Records contained in a dataset:
____________

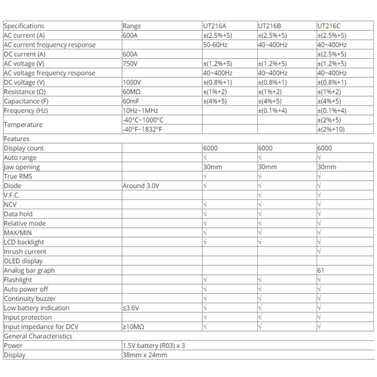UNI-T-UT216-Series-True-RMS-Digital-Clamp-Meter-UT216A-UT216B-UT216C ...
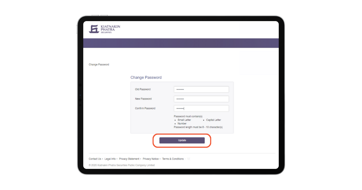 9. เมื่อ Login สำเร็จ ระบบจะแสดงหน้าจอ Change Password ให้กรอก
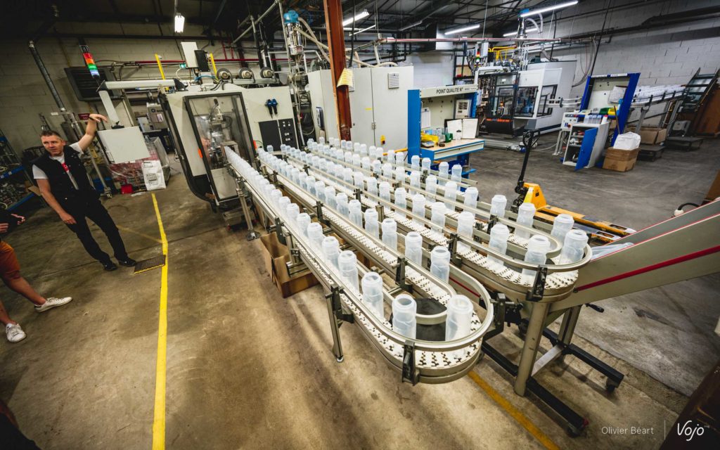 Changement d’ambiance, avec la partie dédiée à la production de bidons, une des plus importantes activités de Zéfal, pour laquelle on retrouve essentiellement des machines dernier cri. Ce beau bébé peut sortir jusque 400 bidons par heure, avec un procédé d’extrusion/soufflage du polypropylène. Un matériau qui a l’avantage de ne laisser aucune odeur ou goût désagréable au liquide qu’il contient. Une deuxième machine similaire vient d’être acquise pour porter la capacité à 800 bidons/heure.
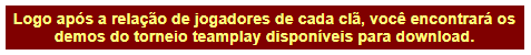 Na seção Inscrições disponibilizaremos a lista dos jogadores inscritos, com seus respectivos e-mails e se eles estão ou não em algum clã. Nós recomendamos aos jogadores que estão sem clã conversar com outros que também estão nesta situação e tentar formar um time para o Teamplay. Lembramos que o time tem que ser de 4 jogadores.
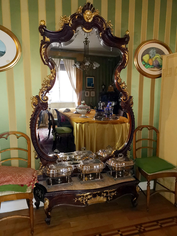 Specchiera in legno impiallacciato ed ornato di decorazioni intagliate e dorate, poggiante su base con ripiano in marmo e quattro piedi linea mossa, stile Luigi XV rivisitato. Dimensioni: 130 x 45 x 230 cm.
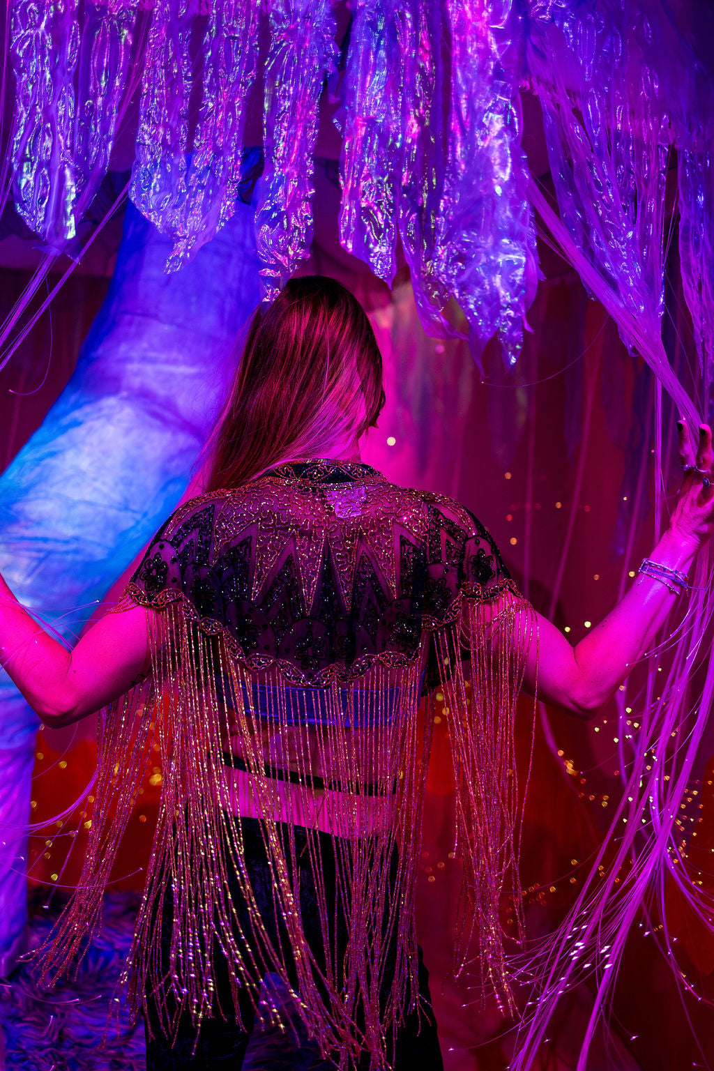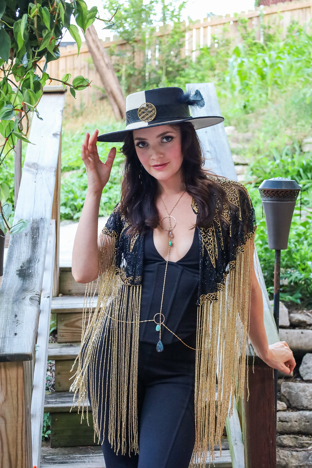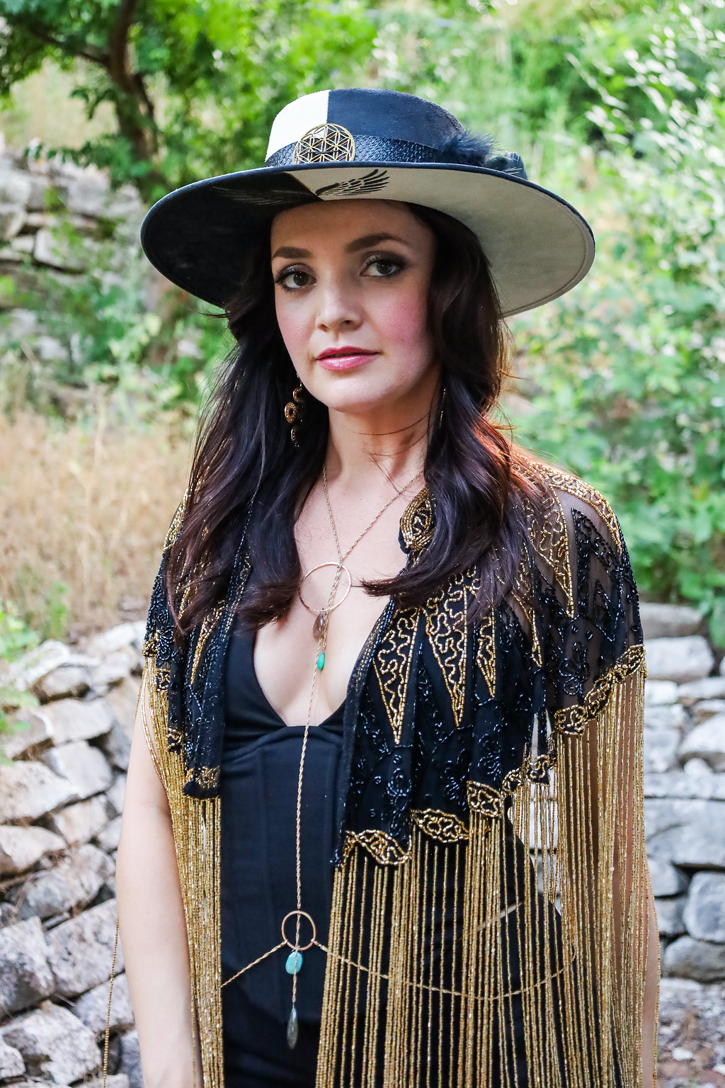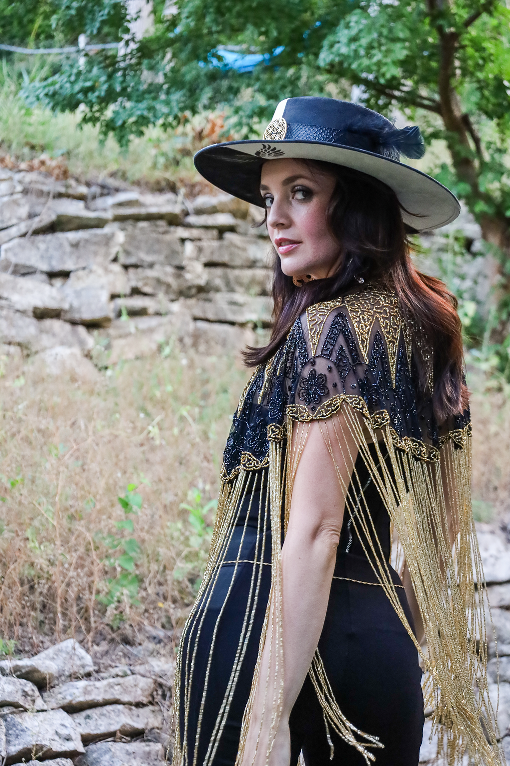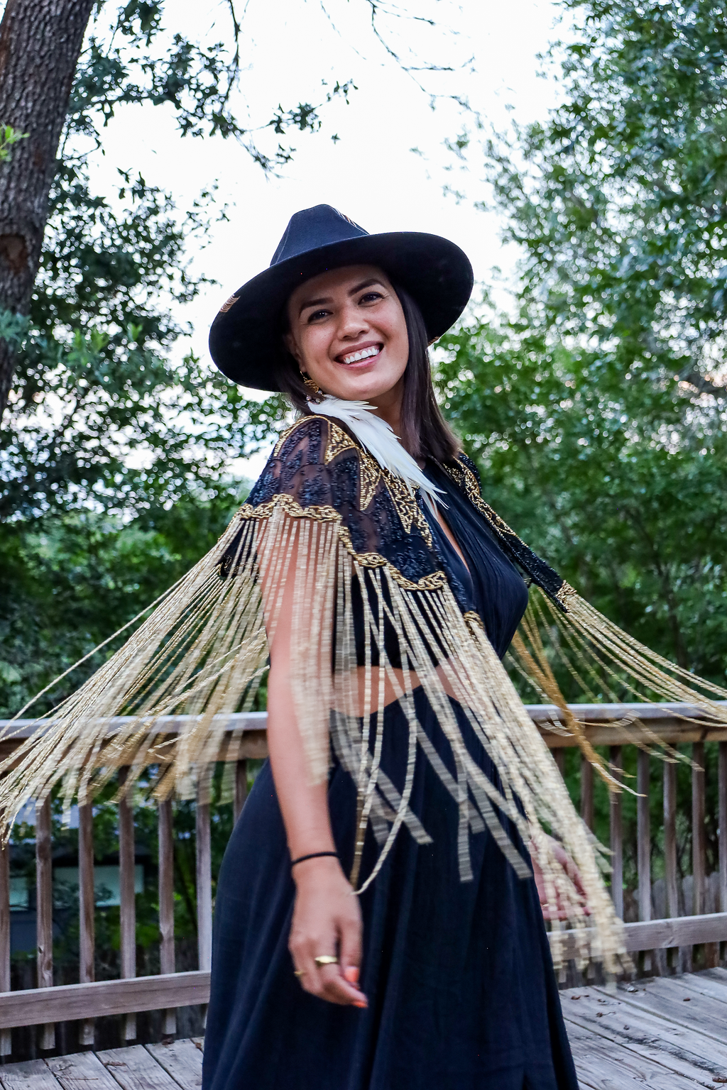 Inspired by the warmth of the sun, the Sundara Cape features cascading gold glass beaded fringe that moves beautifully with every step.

____________

Exercise:
Nothing should appear in the answer except the lines from the first line of the data through the line holding "Specchiera in legno", exactly as written, with pictures left out.

Solution to the problem:
UNI-T-UT216-Series-True-RMS-Digital-Clamp-Meter-UT216A-UT216B-UT216C ...
 9. เมื่อ Login สำเร็จ ระบบจะแสดงหน้าจอ Change Password ให้กรอก
 Changement d’ambiance, avec la partie dédiée à la production de bidons, une des plus importantes activités de Zéfal, pour laquelle on retrouve essentiellement des machines dernier cri. Ce beau bébé peut sortir jusque 400 bidons par heure, avec un procédé d’extrusion/soufflage du polypropylène. Un matériau qui a l’avantage de ne laisser aucune odeur ou goût désagréable au liquide qu’il contient. Une deuxième machine similaire vient d’être acquise pour porter la capacité à 800 bidons/heure.
 Na seção Inscrições disponibilizaremos a lista dos jogadores inscritos, com seus respectivos e-mails e se eles estão ou não em algum clã. Nós recomendamos aos jogadores que estão sem clã conversar com outros que também estão nesta situação e tentar formar um time para o Teamplay. Lembramos que o time tem que ser de 4 jogadores.
 Specchiera in legno impiallacciato ed ornato di decorazioni intagliate e dorate, poggiante su base con ripiano in marmo e quattro piedi linea mossa, stile Luigi XV rivisitato. Dimensioni: 130 x 45 x 230 cm.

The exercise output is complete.